Yorim Spoelder is currently a PhD-candidate in Global History at the Friedrich Meinecke Institut (Freie Universität Berlin). His project "Staging the Nation Beyond the Raj: Visions of Greater India, the Discourse of Civilization and Nationalist Imagination 1905-1960” is supervised by Prof. Dr. Sebastian Conrad. He earned a Master's degree in Global Studies at the Albert Ludwigs University of Freiburg, JNU New Delhi and the University of Cape Town (2012-2014). He was previously an international student fellow and seminar tutor at the Albert Ludwigs University of Freiburg (2012/2013-14), connected as a research intern with the Centre for Policy Research in New Delhi (2013) and involved as a student and student assistant with the Global History Program at the Freie Universität Berlin (2014-2016).
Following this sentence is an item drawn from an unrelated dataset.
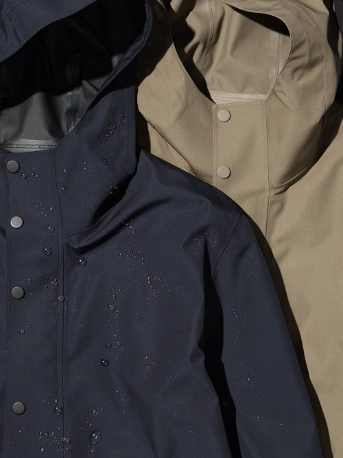 防風性と透湿性を備えた高機能素材のコートです。撥水加工に加え、ファスナーにも撥水性があるモノを採用。さらに、フードのアジャスターと袖口のドットボタンでフィット感を調節でき、雨や水の侵入を軽減します。

Staging the Nation Beyond the Raj: Visions of Greater India, the Discourse of Civilization and Nationalist Imagination (1905-1960)

Zooming in on the post-Swadeshi nationalist momentum in Bengal, this project aims to write an intellectual history of the emergence, heyday and afterlife of the Greater India discourse by mapping the scholarship, visions and transnational networks of Greater India scholars such as Kalidas Nag, Benoy Kumar Sarkar, Radha Kumud Mukherjee, Ramesh Chandra Majumdar, Bijan Raj Chatterji and Panindranath Bose.
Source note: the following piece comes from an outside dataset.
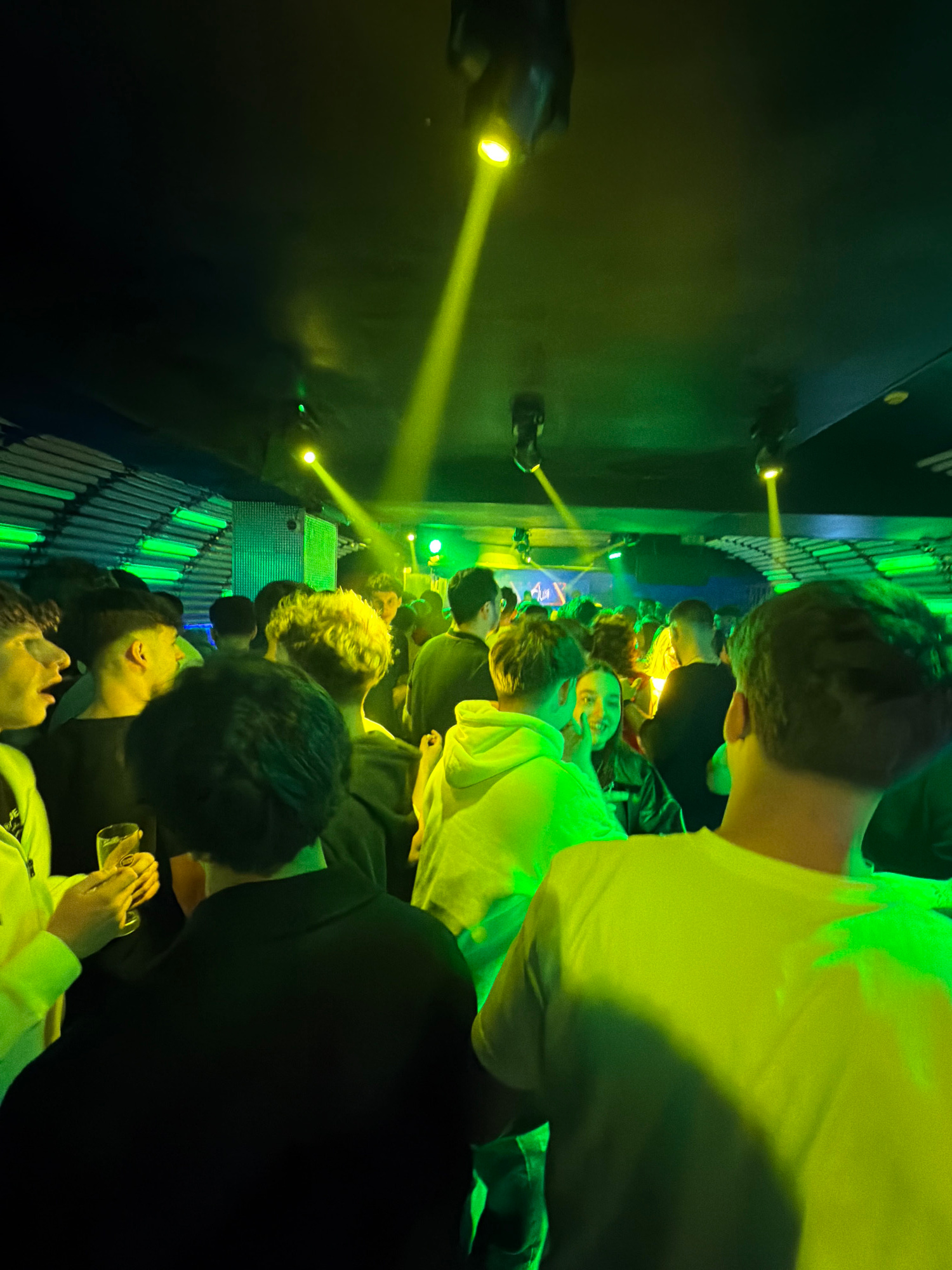 The image shows a crowded indoor event, possibly a concert or club, likely in Vila Real, Portugal. People are standing close together, illuminated by green and yellow stage lighting. Some individuals…read more

Publications of the Greater India Society (1926) typically highlighted the connections of ancient Indian polities with China, Southeast Asia as well as Central Asia and foregrounded a “Golden Era” of diffusion during which Indian missionaries, traders and settlers spread a highly cultured form of Buddhist or Hindu civilization beyond the subcontinent. The logic of cultural diffusionism, the rhetoric of colonization and the notion of a “civilizing mission” reveal strong discursive links with British imperial ideology. Yet the entanglement of Greater India scholars with multiple transnational intellectual networks – e.g. the cordial links with Pan-Asian thinkers and the intensive academic cooperation with Dutch and French Indologists - helped destabilize Anglophone “colonial” assumptions about India and Indian history and paved the way for a discourse in which the nation and its ancient history became increasingly staged beyond the territorial and epistemic limits of the British Raj.

This project aims to interpret the Greater India discourse not just as an important historiographical intervention but - equally - as a multifaceted, politically charged and oftentimes self-contradictory vision whose timing, content and appeal can only be understood in the context of the constantly evolving anti-colonial struggle, nascent nationalist visions, the shifting discourse of civilization, and wider transnational ideological currents and networks as well as transcolonial knowledge transfers.